### TASK ITEM
For this item, repeat the material exactly while omitting its pictures.

### SUPPLIED ENTRIES
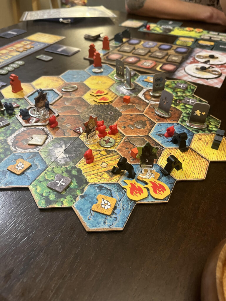 This is also where the Fair Folk can really come in handy, I think. If players use their boons as a balancing tool against the leading player, they can make sure no one gets too far ahead. But even if something goes horribly wrong and you’ve completely failed on any tactical planning, it’s a relatively quick game that respects your time. Between this and the many faction options, this game has plenty of replayability.
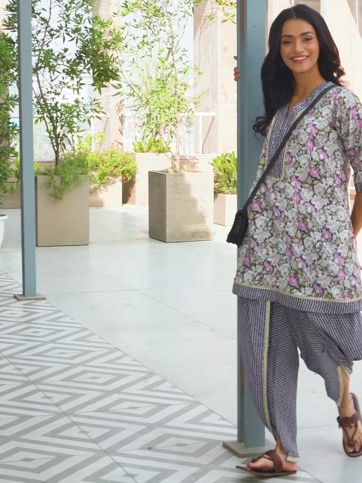 Grey Printed Silk Blend A-Line Kurta With Dhoti Pants
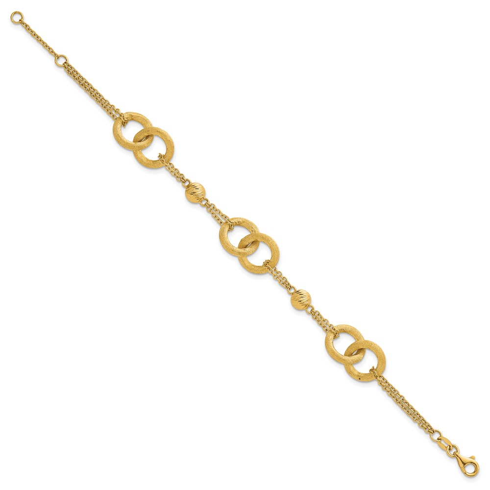 14k Polished And Brushed Double Loop and Chain 6.75 inch Bracelet with 0.75 inch Extender
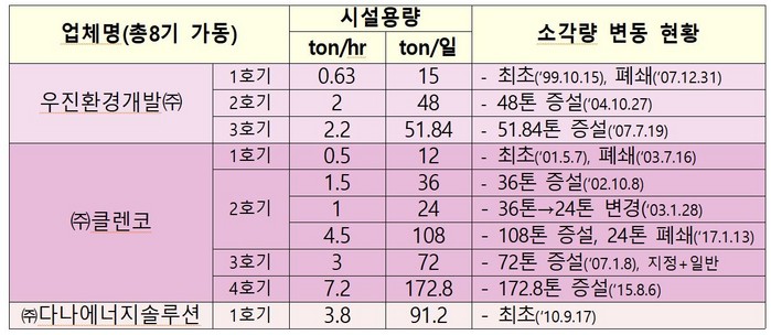 이후, 신증축을 통해, 2017년 기준으로 3개 업체의 총 소각용량이 1999년에 비해 약 36배(1999년 15톤/일 → 2017년 543.84톤/일) 늘렸다.
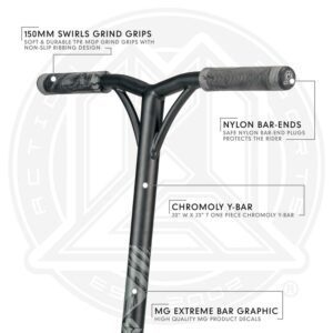 – QUALITY BUILD- Our Pro-scooter built with the MGP Y-bar 22 wide and 24 4031 Japanese Chromoly Standard Diameter with Internal Fluting and the MG sealed Bearing Threadless give the scooter the the qualities of a scooter only the pros would ride.

### WRITTEN REPLY
 This is also where the Fair Folk can really come in handy, I think. If players use their boons as a balancing tool against the leading player, they can make sure no one gets too far ahead. But even if something goes horribly wrong and you’ve completely failed on any tactical planning, it’s a relatively quick game that respects your time. Between this and the many faction options, this game has plenty of replayability.
 Grey Printed Silk Blend A-Line Kurta With Dhoti Pants
 14k Polished And Brushed Double Loop and Chain 6.75 inch Bracelet with 0.75 inch Extender
 이후, 신증축을 통해, 2017년 기준으로 3개 업체의 총 소각용량이 1999년에 비해 약 36배(1999년 15톤/일 → 2017년 543.84톤/일) 늘렸다.
 – QUALITY BUILD- Our Pro-scooter built with the MGP Y-bar 22 wide and 24 4031 Japanese Chromoly Standard Diameter with Internal Fluting and the MG sealed Bearing Threadless give the scooter the the qualities of a scooter only the pros would ride.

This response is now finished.